What to do
The line containing "I can hear them", plus every line that follows it to the end of the listing below, is what you transcribe exactly; omit all pictures.
= = = =
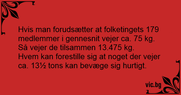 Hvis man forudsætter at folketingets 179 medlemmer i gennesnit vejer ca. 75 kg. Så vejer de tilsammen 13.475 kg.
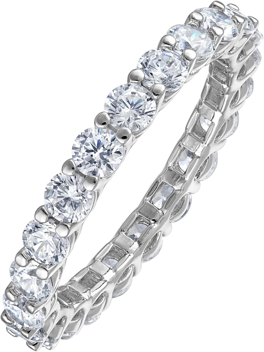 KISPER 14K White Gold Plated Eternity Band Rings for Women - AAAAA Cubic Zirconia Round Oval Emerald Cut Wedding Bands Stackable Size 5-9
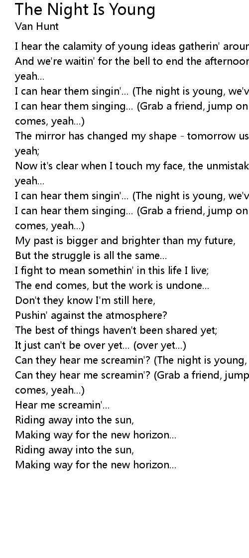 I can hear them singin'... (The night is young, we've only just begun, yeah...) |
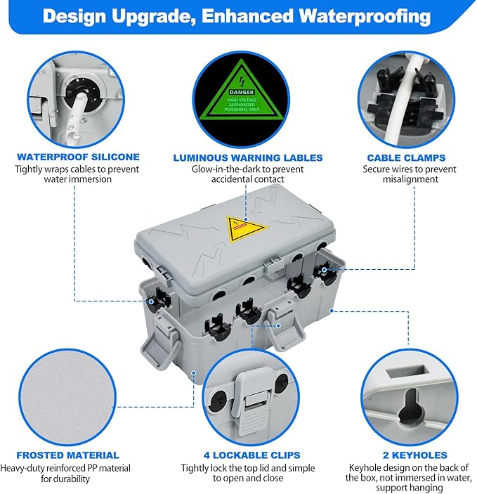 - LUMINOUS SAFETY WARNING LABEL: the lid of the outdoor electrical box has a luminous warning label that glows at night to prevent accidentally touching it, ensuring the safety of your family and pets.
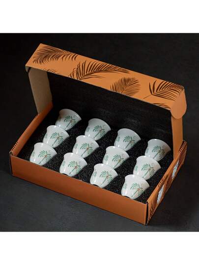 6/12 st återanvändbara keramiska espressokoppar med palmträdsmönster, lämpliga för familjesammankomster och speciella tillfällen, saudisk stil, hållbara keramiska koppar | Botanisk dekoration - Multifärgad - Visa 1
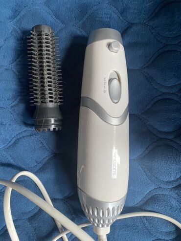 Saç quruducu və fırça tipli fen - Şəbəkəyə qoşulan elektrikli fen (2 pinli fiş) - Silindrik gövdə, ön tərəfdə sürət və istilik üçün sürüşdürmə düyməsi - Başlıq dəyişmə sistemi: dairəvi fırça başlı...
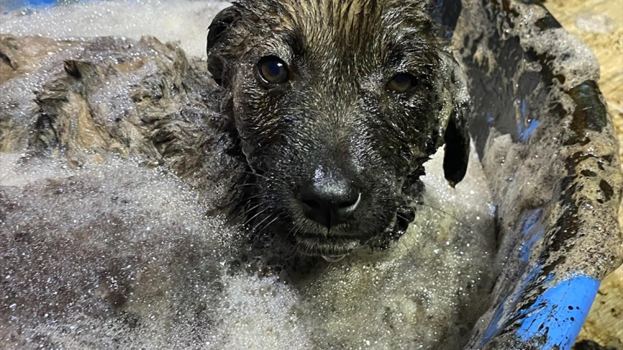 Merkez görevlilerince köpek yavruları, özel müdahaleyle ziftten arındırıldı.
= = = =
Solution for this exercise
 I can hear them singin'... (The night is young, we've only just begun, yeah...) |
 - LUMINOUS SAFETY WARNING LABEL: the lid of the outdoor electrical box has a luminous warning label that glows at night to prevent accidentally touching it, ensuring the safety of your family and pets.
 6/12 st återanvändbara keramiska espressokoppar med palmträdsmönster, lämpliga för familjesammankomster och speciella tillfällen, saudisk stil, hållbara keramiska koppar | Botanisk dekoration - Multifärgad - Visa 1
 Saç quruducu və fırça tipli fen - Şəbəkəyə qoşulan elektrikli fen (2 pinli fiş) - Silindrik gövdə, ön tərəfdə sürət və istilik üçün sürüşdürmə düyməsi - Başlıq dəyişmə sistemi: dairəvi fırça başlı...
 Merkez görevlilerince köpek yavruları, özel müdahaleyle ziftten arındırıldı.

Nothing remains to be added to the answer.